Could you please retype all of the records exactly, skipping any pictures?

####

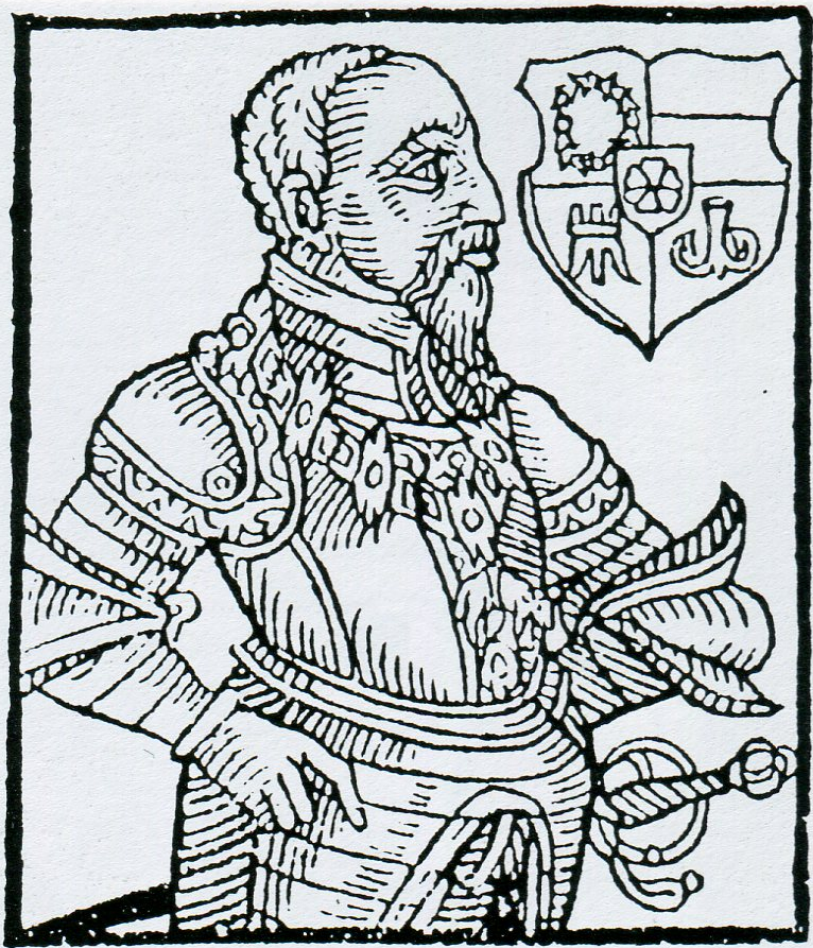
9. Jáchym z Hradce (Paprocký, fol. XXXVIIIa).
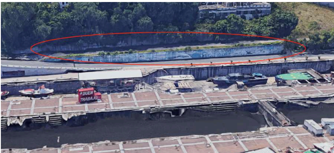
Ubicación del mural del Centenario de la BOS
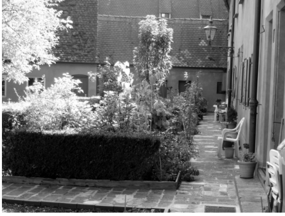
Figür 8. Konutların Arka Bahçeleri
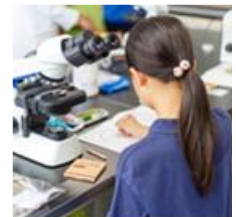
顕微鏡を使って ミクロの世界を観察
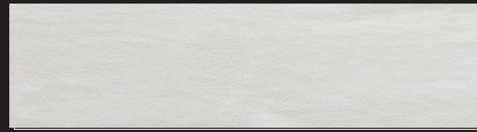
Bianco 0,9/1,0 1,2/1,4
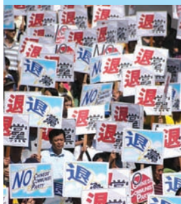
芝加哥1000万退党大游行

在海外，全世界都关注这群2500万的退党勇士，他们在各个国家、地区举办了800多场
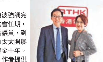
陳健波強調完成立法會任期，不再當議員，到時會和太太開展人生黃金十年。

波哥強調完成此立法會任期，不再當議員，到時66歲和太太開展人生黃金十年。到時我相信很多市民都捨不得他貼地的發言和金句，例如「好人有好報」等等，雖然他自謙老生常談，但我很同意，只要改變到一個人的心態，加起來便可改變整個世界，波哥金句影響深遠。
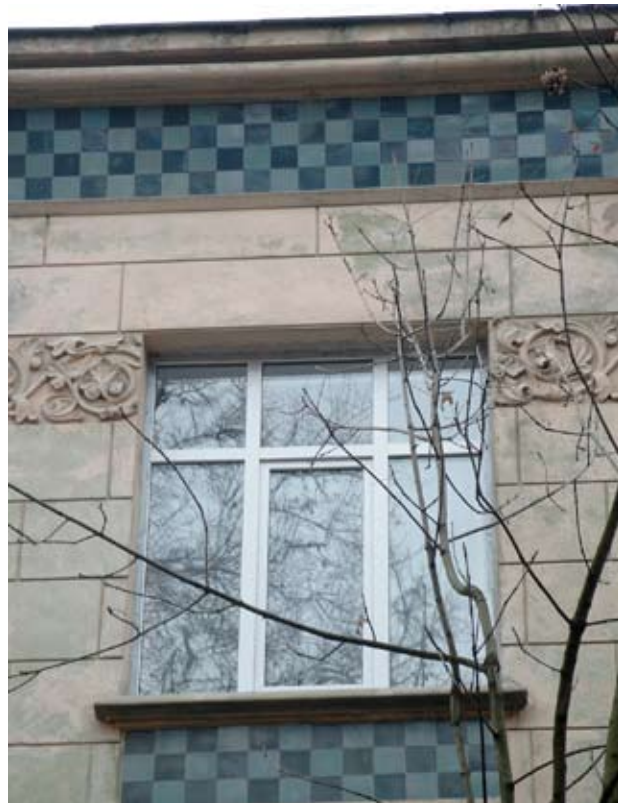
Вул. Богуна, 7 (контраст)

####

Your solution:
9. Jáchym z Hradce (Paprocký, fol. XXXVIIIa).
Ubicación del mural del Centenario de la BOS
Figür 8. Konutların Arka Bahçeleri
顕微鏡を使って ミクロの世界を観察
Bianco 0,9/1,0 1,2/1,4
芝加哥1000万退党大游行

在海外，全世界都关注这群2500万的退党勇士，他们在各个国家、地区举办了800多场
陳健波強調完成立法會任期，不再當議員，到時會和太太開展人生黃金十年。

波哥強調完成此立法會任期，不再當議員，到時66歲和太太開展人生黃金十年。到時我相信很多市民都捨不得他貼地的發言和金句，例如「好人有好報」等等，雖然他自謙老生常談，但我很同意，只要改變到一個人的心態，加起來便可改變整個世界，波哥金句影響深遠。
Вул. Богуна, 7 (контраст)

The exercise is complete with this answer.